5.4 Tax Treatment. Each Party shall use its commercially reasonable efforts to cause the Merger to qualify as a reorganization within the meaning of Section 368(a) of the Code.

 

5.5 Consulting Agreement. At the Effective Time, Truli shall enter into a consulting agreement with Michael Woloshin, in the form agreed between Truli and such Person on or before the date hereof (the “Consulting Agreement”).

 

5.6 Officers and Directors.

 

(a) Truli shall take such action as may be necessary such that at the Effective Time, (i) the number of directors who may serve on the Truli Board shall be set at seven, and (ii) the following persons shall be appointed as the directors of Truli, each of whom shall serve until their respective successors are duly elected or appointed and qualified subject to compliance with Rule 14f-1 under the Exchange Act:

 

(1) Miles Jennings;

 

(2) Douglas Roth;

 

(3) Wallace Ruiz;

 

(4) Evan Sohn;

 

(5) Two people designated by Recruiter; and

 

(6) One person designated by Genesys pursuant to the Asset Purchase Agreement.

 

(b) Truli shall take such action as may be necessary such that at the Effective Time, (i) Miles Jennings will continue to serve as the Chief Executive Officer of Truli, and (ii) Ashley Saddul shall be appointed as the Chief Technology Officer of Truli to serve until their respective successors are duly appointed and qualified.

 

5.7 Confidentiality. From and after the Closing, the Parties shall, and shall cause their Affiliates to, hold, and shall use their reasonable best efforts to cause its or their respective Representatives to hold, in confidence any and all information, whether written or oral, concerning Truli and Recruiter, except to the extent that any Party can show that such information (a) is generally available to and known by the public through no fault of the other Party, any of their Affiliates or their respective Representatives; or (b) is lawfully acquired by any Party, any of their Affiliates or their respective Representatives from and after the Closing from sources which are not prohibited from disclosing such information by a legal, contractual or fiduciary obligation.
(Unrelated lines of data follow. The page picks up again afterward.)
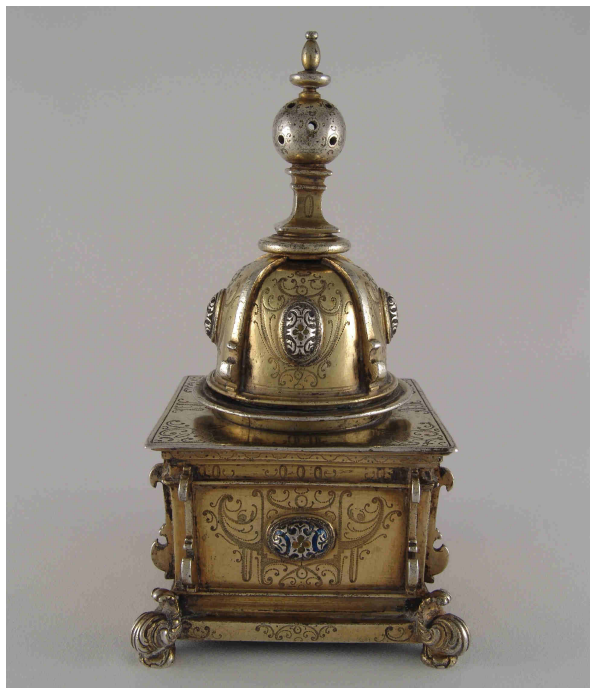
Fig. 2.- Especiero . Madrid. Hacia 1600. Instituto Valencia de Don Juan de Madrid.

Carente de marcas, pero también probablemente madrileño es el espléndido especiero (fig. 2) cúbico con tapador semiesférico rematado en pirámide con bola, de esmerado diseño y rica decoración de picado de lustre y espejos esmaltados, que cabe fechar hacia 1600. Es un modelo que apenas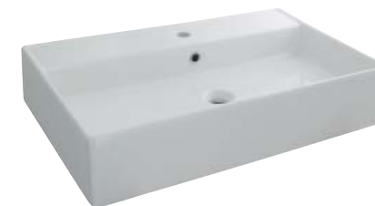
Lavabo suspendido 46 x 80 46 x 80 Wall hung basin Lavabo 46 x 80 suspendu 100090127 / N372769937

Instalación y mantenimiento Installation and maintenance Installation et maintien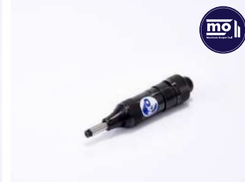
รหัสสินค้า FM131P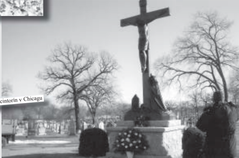
Slovenský cintorín v Chicagu

S úctou si na ňu spomína celá rodina, aj občania, čo ju poznali v mladosti ako Dubovanku. Nech odpočíva v tíškom pokoji.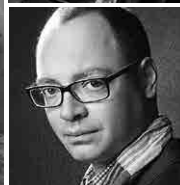
Aleksander Melnikov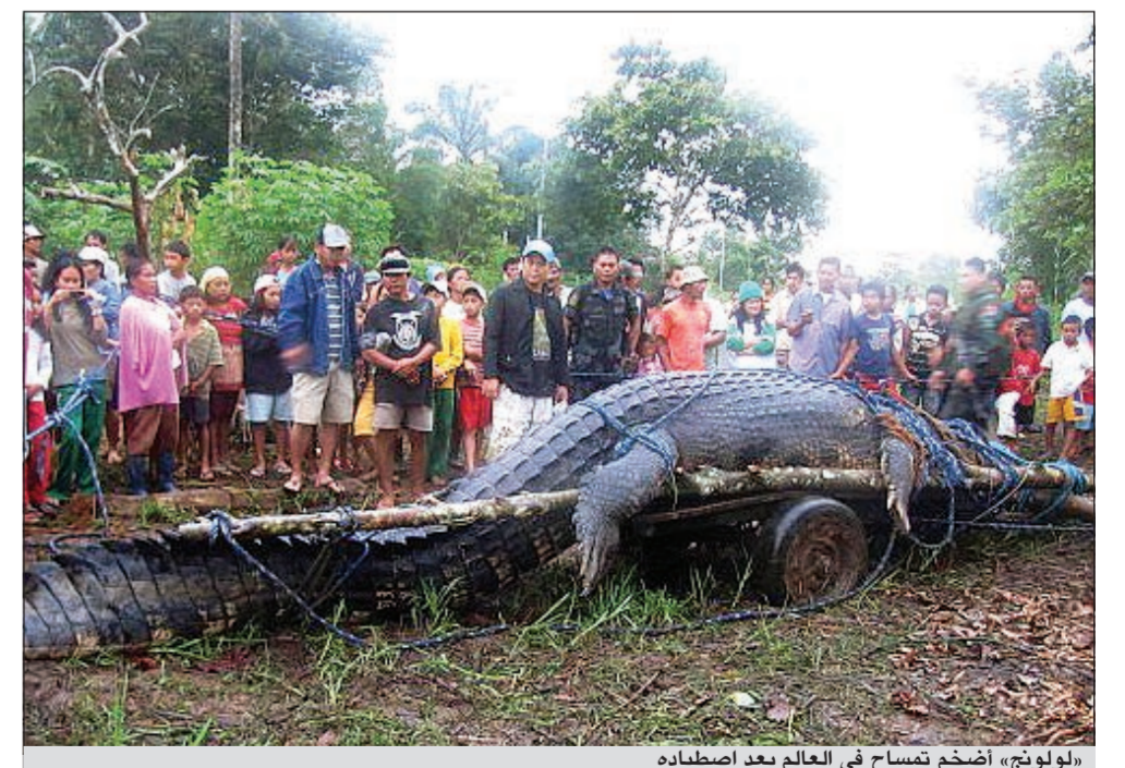
«لولونج» أضخم تمساح في العالم بعد اصطياده

مانيل - أ.ش.: أعلن إدوين كوكس إيلوردي عمدة بلدة بوناوان بإقليم أجوسان ديل سور جنوبي الفلبين أنه تلقى إخطارا من موسوعة غينيس للأرقام العالمية يفيد بإدراج التمساح «لولونج» بالموسوعة وحصوله على لقب أضخم تمساح في العالم. وأوضح العمدة وفقا لوسائل إعلام محلية أن التمساح الذي يعيش في المياه المالحة ويزيد طوله على 6 أمتار ووزنه عن طن، مسؤول عن

If any Party or any of their Affiliates or their respective Representatives are compelled to disclose any information by judicial or administrative process or by other requirements of Law, such Party shall promptly notify the other Party in writing and shall disclose only that portion of such information which such Party is advised by its counsel in writing is legally required to be disclosed, provided that such Party shall use reasonable best efforts to obtain an appropriate protective order or other reasonable assurance that confidential treatment will be accorded such information.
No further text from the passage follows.